The aim of the present work is to understand the production and transfer of turbulent kinetic energy (TKE) in the combined space of positions and scales for a definitely more complex geometry. We introduce a bulge (also referred to as bump) at one of the walls in a periodic turbulent channel flow in order to induce massive flow separation and strongly localised TKE production. The database is taken from a DNS recently performed by the authors (Mollicone *et al.*
Reference Mollicone, Battista, Gualtieri and Casciola2017) using the NEK5000 code (Fischer, Lottes & Kerkemeier Reference Fischer, Lottes and Kerkemeier2008) which is based on the spectral element method, see Patera (Reference Patera1984). Our focus is on the intense shear layer and the recirculation bubble that forms just after the bump. The GKE is applied at these specific features of the flow to study the scale-by-scale energy production, transport and dissipation. The second-order structure function, which is the basis of such an equation, is used as a proxy to define a scale-energy content, that is an interpretation of the energy associated with a given scale. The results show how the GKE, a five-dimensional equation in our anisotropic and strongly inhomogeneous flow, can describe in detail the turbulent flow behaviour and related energy mechanisms. As will be shown, the result of this analysis is readily interpreted in terms of the coherent structures of the shear layer.
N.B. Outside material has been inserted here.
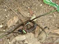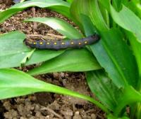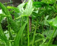毎日のように捕殺。捕っても捕ってもどこからともなく現れてこのように食べているので、油断するとカラーの葉が全滅になってしまう。
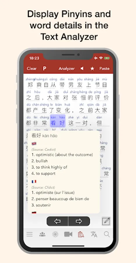 • Paste some text, or import it from the OCR modes, into the text analyzer to get definitions of each word in the text

## 2 The generalised Kolmogorov equation

### 2.1 General theory

In a statistically stationary turbulent flow, instantaneous fields
$\boldsymbol{u}_{T}(\boldsymbol{x},t_{i})$
– the subscript
$T$
meaning total, as opposed to average and fluctuation – sampled at
$N$
time instants
$t_{i}$
separated by more than the relevant correlation time, can be considered as elements of a statistical ensemble of (turbulent) velocity fields. In this context, the average over the ensemble,
$\boldsymbol{U}(\boldsymbol{x})=(1/N)\sum _{i}\boldsymbol{u}_{T}(\boldsymbol{x},t_{i})$
, is the mean flow while
$\boldsymbol{u}(\boldsymbol{x},t_{i})=\boldsymbol{u}_{T}(\boldsymbol{x},t_{i})-\boldsymbol{U}(\boldsymbol{x})$
is the fluctuation. Such (Reynolds) decomposition can be used for the other quantities of interest, e.g. the pressure field, where
$p(\boldsymbol{x},t)$
is the fluctuation and
$P(\boldsymbol{x})$
the average. In the following, we shall be dealing with the ensemble obtained by sampling the DNS fields of a turbulent channel flow with a bulge in one of the otherwise planar and parallel walls, see Mollicone *et al.* (Reference Mollicone, Battista, Gualtieri and Casciola2017). The flow is statistically stationary, with a single direction of spatial homogeneity corresponding to the spanwise direction. All quantities are made dimensionless with respect to the bulk velocity
$U_{b}=Q/(2h_{0})$
, where
$Q$
is the flow rate per unit width and
$h_{0}$
is the half-channel height from the bottom wall. Beside the bump geometry, here kept fixed, the Reynolds number
$Re=Q/(2\unicode[STIX]{x1D708})$
is the only control parameter of the system.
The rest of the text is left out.